Let’s arm tribes of Pentacolstalists AND OK Baptists with semi-automatic rifles with extended clips.
Drop a flag in the middle, like Natalie Wood did in Rebel Without A Cause, then let the firing ensue.
Have some guy dressed as Jesus screaming via a bullhorn, “Pussies! Pussies!” for added effect.
Let’s let God really sort it all out!
bearbait: Not French, monsieur. Belgian. (Apologies to M. Poirot)
Truculent says “Not French, monsieur. Belgian. (Apologies to M. Poirot)”
Forget Poirot. Apparently, the use of little grey cells are not permitted at Windsor Hills Baptist.
For behold, he who shoot-eth through the eye of a needle with an AR,
the same shall be blessed with a banana clip that he may smite the heathen.
I missed the part in the Bible where Jesus indicated that we should gun down our enemies. I know, we papists are always twisting the meaning of His words, so I’m pretty embarrasred right now. Maybe if I move to a red state, join the Churcu of Jim Bob, buy me a gun or three, and put up one of those “Forget the dog, Beware of owner” signs, I will get to heaven. Or, you know, lose my mind. It’s worth a shot.
I don’t think you can quite look at the gun give-away as being upholding some sort of commandment in the Bible. Look at it more as the belief that if Jesus was carrying some kick-ass semiautomatic rifle, he might not have been captured by the Romans and crucified so easily. Or, he would have at least gotten the satisfaction of know that he took a whole lot of people down with him.

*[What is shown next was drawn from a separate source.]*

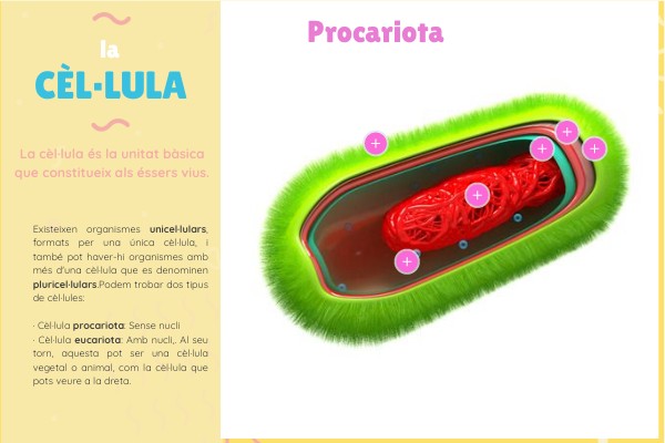 Existeixen organismes unicel·lulars, formats per una única cèl·lula, i també pot haver-hi organismes amb més d'una cèl·lula que es denominen pluricel·lulars.Podem trobar dos tipus de cèl·lules:· Cèl·lula procariota: Sense nucli · Cèl·lula eucariota: Amb nucli,. Al seu torn, aquesta pot ser una cèl·lula vegetal o animal, com la cèl·lula que pots veure a la dreta.

“…the conference isn’t all about guns, but rather about teens finding faith.”
Yeah, yeah, yeah — those kids were praying to put some unlucky bastard in the sights of that AR-15 and blast away. It gives me yet another reason to stay away from church.
bearbait: Howitzer are so illegal to own and expensive to operate. Why go through the trouble when you can legally own this:
http://www.youtube.com/watch?v=rnO3LMEWZwk
You can hit a deer…or human…at over 2000m…if you can do the ballistic calculations. And, yes, you can own one.
Now, if they were giving one of THESE away I am sure the pews would be filled!
And, it’s .50CAL…THAT is God’s calibre.
AfghanVet: Yeah but at about five bucks a bullet you really can’t enjoy shooting up that old engine block while constantly worrying about how much less beer money you have. A friend who did lots of scary time in Vietnam summed it up best. we were walking down the street and he casually remarked, “There’s nothing here you can hide behind that would protect you from a .50″
this just in from the Windsor Hills baptist nutcase factory:
The giveaway is back on…..
“Although the shooting competition that was to take place during the Youth Conference had been canceled, due to false statements* made by the Oklahoma City TV Channel 5 (KOCO) and subsequently reported also by media outlets across the country, a shotgun was donated last Saturday so that the competition could go on as planned.”